Recovering from Life, Abuse & Limiting Societal Thoughts

Recently Rachel Held Evans wrote a post entitled “On Forgiveness & Abuse” within the Christian Church over here.

Whether or not this post is “good advice” I cannot comment on.  Perhaps it is because I am a life coach AND a person committed to uprooting thoughts that no longer serve me, but I did not get past VERY FIRST LINE:

“Note: Healing from abuse is a long and difficult road and requires a lot of ‘offline’ work.”

Gosh, I cringe even having to re-read it again.  If you read or watched my post from the other day about Intention Setting – you know why this line stopped me short.

If you didn’t read/watch – here’s a quick recap: This comment is a prime example of how we allow question-authorityexternal people to have a greater voice in our lives than our own voice.  We read or hear comments like the above without even pausing to consider there is a possible alternative avenue to healing: one that does not have to be long and hard.

We simply hear comments like this all the time and accept them as truth instead of ruthlessly taking captive every thought and making it obedient to the God-voice that resides inside of us.  

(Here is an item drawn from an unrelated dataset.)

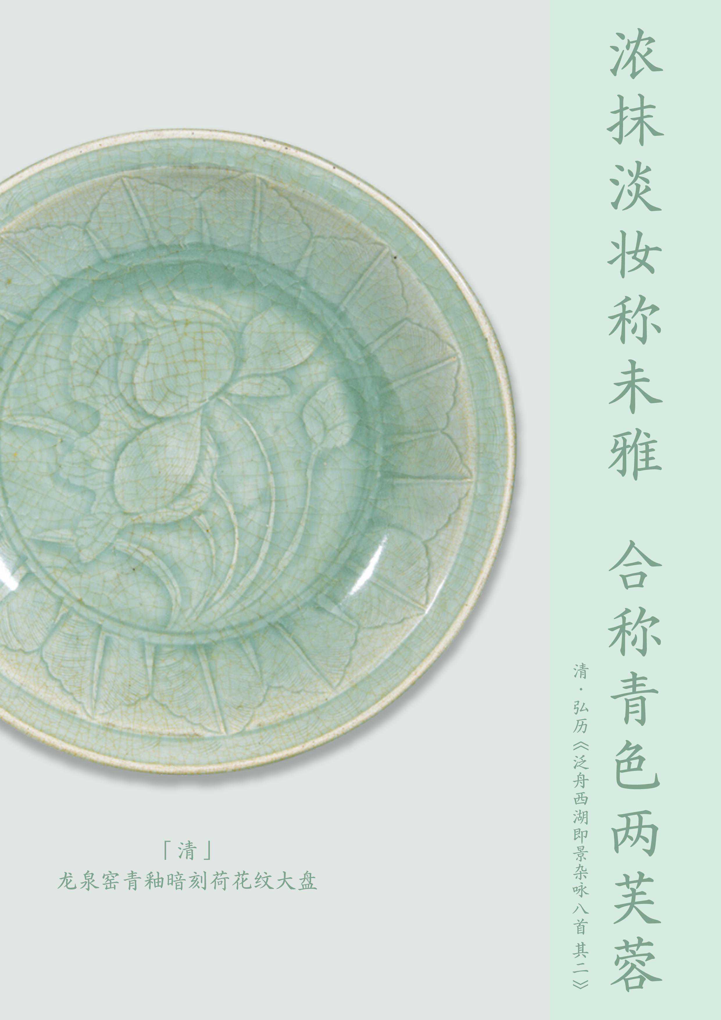 在文物中,最能体现青色之美的就是国画中的青绿山水,以及那些精美的瓷器。青瓷是中国瓷器的一大品类。它是在坯体上施以青釉(以铁为着色剂的青绿色釉),在还原焰中烧制而成,色彩极其丰富,青色系如缥瓷、千峰翠色、艾色、翠青、粉青、豆青、冬青、灰青等等。它们以瓷质细腻,线条明快流畅、造型端庄浑朴、色泽纯洁而著称于世。

You know the one.  The one that gently tells you how much you are loved, cared for and so much more.  The voice that you generally only hear if you get really still and by yourself – away from the outside influences.  The one that desires for you to feel all that you are – deeply, intimately. The one that wants you to live with passion and zeal – not with trauma, heartache and depression.

Yet, this is the Voice that gets blasted by the outside voices.  We give more credence to those than the inside one.  

When we do this, we unkowningly buy into a reality that is less than the one we crave and desire and hope for.  We buy into someone else’s thought about how our recovery and life “should” go simply because that is the only way we as a society have found up until now.  We find ourselves trudging through our past time and again in a most unpleasant way because they – who ever they are – tells us that is the way to get to healing and thus to forgiveness – as if forgiveness is the ultimate goal instead of healing.  Because if you get to that forgiveness, then that means you are living a “righteous” life like Jesus.

Unfortunately, questionmarkbuying into this line of thinking only allows you to continue to be the victim to other people’s thoughts of who you are and what you are…which can lead to unsurmountable depression.

If you have been at the receiving end of abuse – which in our society I would say is 100% of us – and believe comments like Rachel’s without questioning them – then you most likely will continue to feel as if you have little to no choice over your own life.  This can lead to more internal abuse as the voices tell you where you should be vs where you are, which leads to more depression, more abuse and so on the cycle goes.

At least this is what I felt and experiences, so I can imagine you might feel that too.

But by all means – please do not let me tell you how or what you feel however,
for that would be counter to the point of this post!

If you do know how this feels and you are ready to
feel the way you KNOW somewhere inside of you is possible…
If you want to feel and act from a place of centeredness that gives you power and control over how you live your life, of how you show up in your life…
Then I invite you to consider starting a new routine:

When people make comments like the above as IF THEY ARE GOSPEL TRUTH, simply suspend their comment for a moment out in front of you and ask yourself, “WHAT IF this wasn’t true? WHAT IF there was another way to look/think about this?”

Then, with curiosity and awe – stand back and let your imagination go.  See what other thoughts come to you, what other possibilities open up to you – what other windows or gates become available simply because you FIRST checked in with your own God-voice.


Instead of assuming Rachel’s comment is true – that recovery from abuse (or depression or whatever) has to be “long & hard” – ask yourself, “If this comment doesn’t have to be true – what other ways could I imagine for my rode to recovery?”  Then fill in this statement:

Recovery from abuse can be ___________________.